## Work instruction
Return the data below in full and exactly, except that the pictures are dropped.

Data entries:
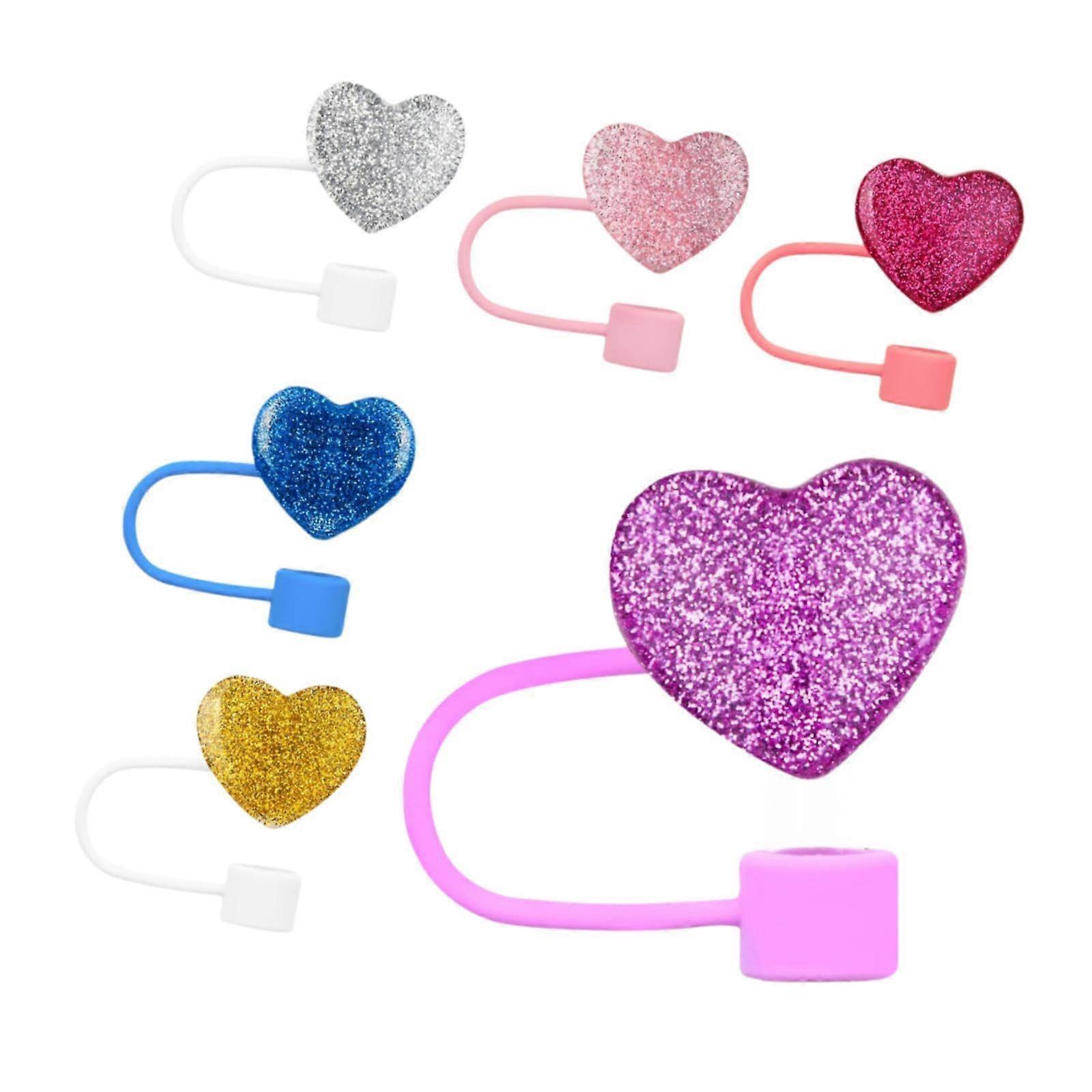 Straw Cover Caps, Straw Topper, Water Cup Straw Covers, Decoration Reusable Drinking Straw Caps, Cup Accessories Heart Shaped, Pack of 6
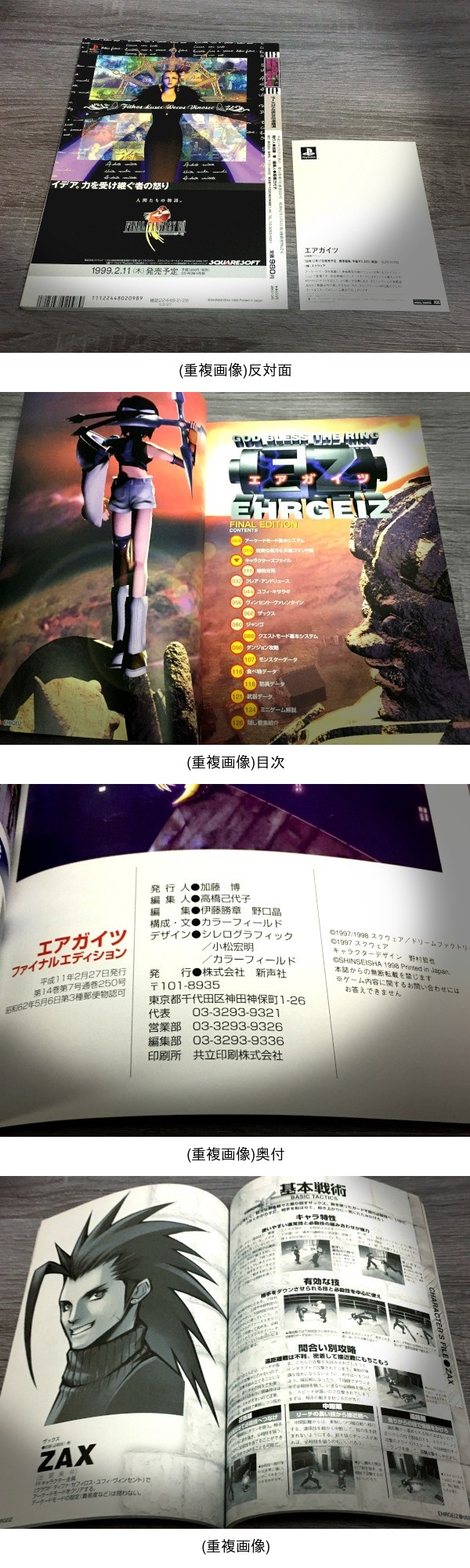| ------------------------------------------------------------------------ ж ж ж 商品について ж ж ж ------------------------------------------------------------------------ ◆ 「 ゲーメスト2月28日号増刊 EHRGEIZ FINAL EDITION 」 当時 中古を入手したもので 元々の仕様を知らない為、 欠品 や 欠落箇所があるのか など 一切不明です。 ◆ 「 エアガイツ の 宣伝用印刷物 」 (ポストカード型の広告?) 当時 新品で入手した ワンオーナー品です。 シワ、折れ、角折れ、などあります。 いずれも 入手より経年しており、記載以外にも 初期、経年 による劣化、及び 保管時、取り扱い時などのダメージ必至です。 ※ 商品は 画像1枚目のもので全てです。 ※ 画像は 実物よりきれいに写ってしまう部分があります。 また、最初の検品・出品から 時間が経っているものは、掲載画像・説明にはない 劣化 及び ダメージの増加 など 必至です。商品状態は現物優先です。 ※ ペットなし、非喫煙環境です。 |
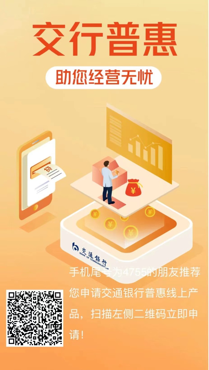交行普惠,助您经营无忧,可立即申请
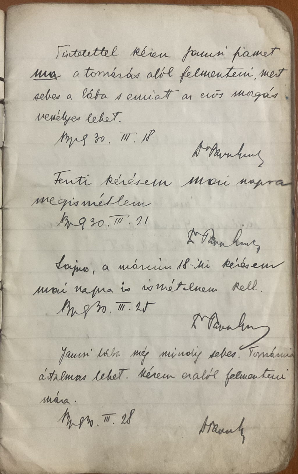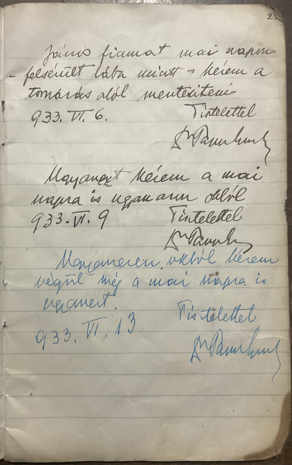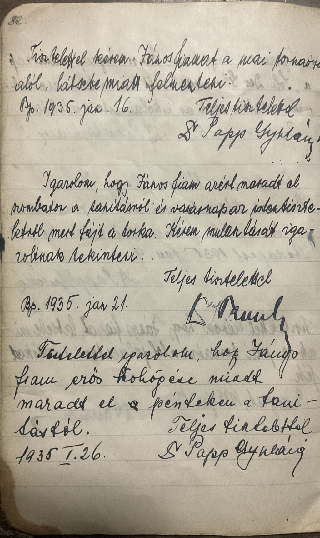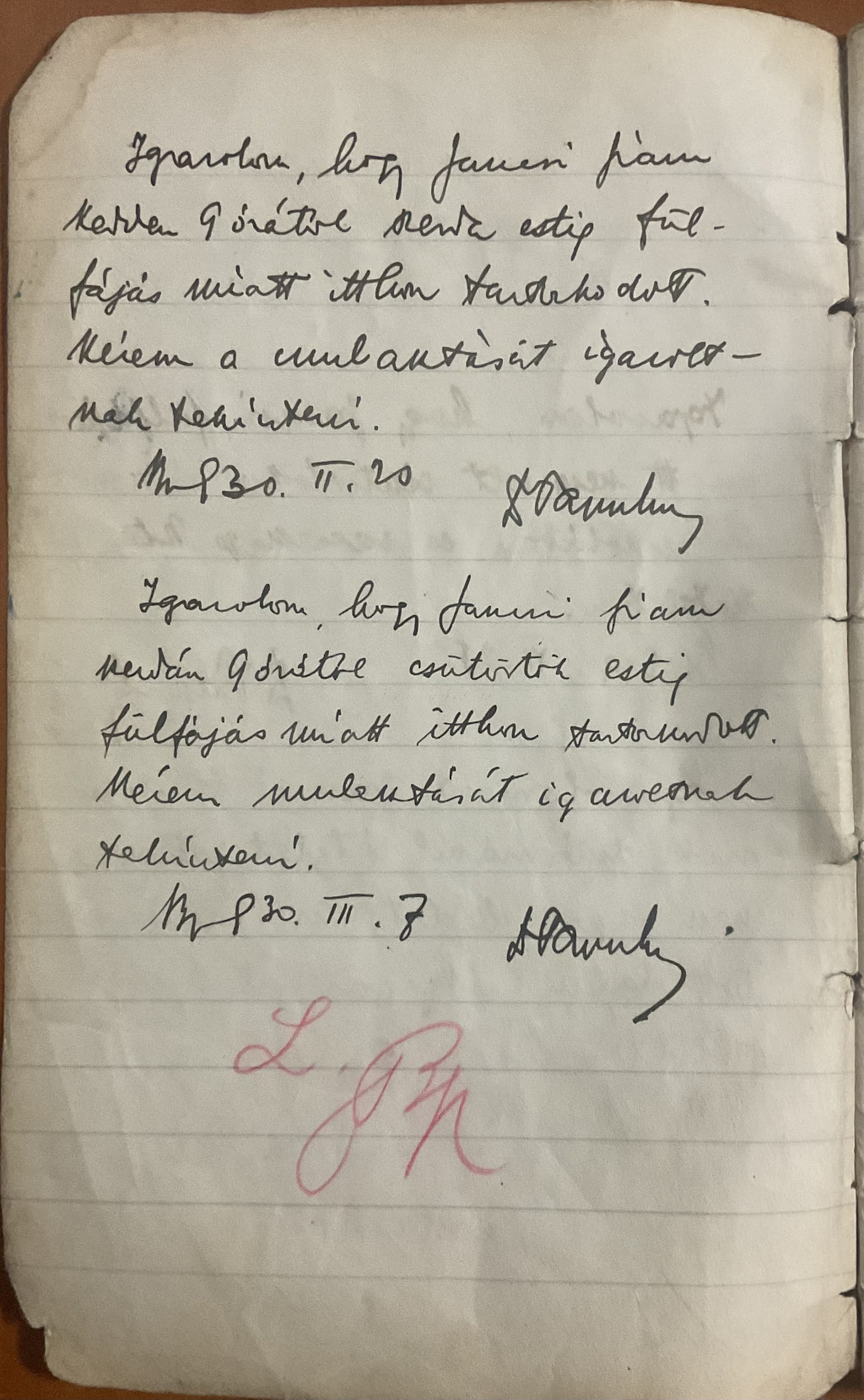Papp János üzenenőfüzete az 1930-as évekből
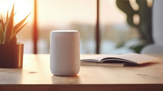 Stylish wireless speaker sits on wooden table. Modern tech device in home. Interior shot shows smart home tech. Portable audio system for music. Device in home office environment. Close-up view of
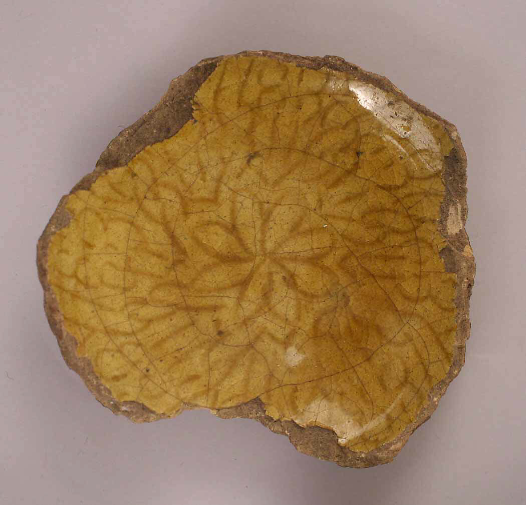 - Medium:Earthenware; incised decoration under yellow glaze

## Response box
 Straw Cover Caps, Straw Topper, Water Cup Straw Covers, Decoration Reusable Drinking Straw Caps, Cup Accessories Heart Shaped, Pack of 6
| ------------------------------------------------------------------------ ж ж ж 商品について ж ж ж ------------------------------------------------------------------------ ◆ 「 ゲーメスト2月28日号増刊 EHRGEIZ FINAL EDITION 」 当時 中古を入手したもので 元々の仕様を知らない為、 欠品 や 欠落箇所があるのか など 一切不明です。 ◆ 「 エアガイツ の 宣伝用印刷物 」 (ポストカード型の広告?) 当時 新品で入手した ワンオーナー品です。 シワ、折れ、角折れ、などあります。 いずれも 入手より経年しており、記載以外にも 初期、経年 による劣化、及び 保管時、取り扱い時などのダメージ必至です。 ※ 商品は 画像1枚目のもので全てです。 ※ 画像は 実物よりきれいに写ってしまう部分があります。 また、最初の検品・出品から 時間が経っているものは、掲載画像・説明にはない 劣化 及び ダメージの増加 など 必至です。商品状態は現物優先です。 ※ ペットなし、非喫煙環境です。 |
交行普惠,助您经营无忧,可立即申请
Papp János üzenenőfüzete az 1930-as évekből
 Stylish wireless speaker sits on wooden table. Modern tech device in home. Interior shot shows smart home tech. Portable audio system for music. Device in home office environment. Close-up view of
 - Medium:Earthenware; incised decoration under yellow glaze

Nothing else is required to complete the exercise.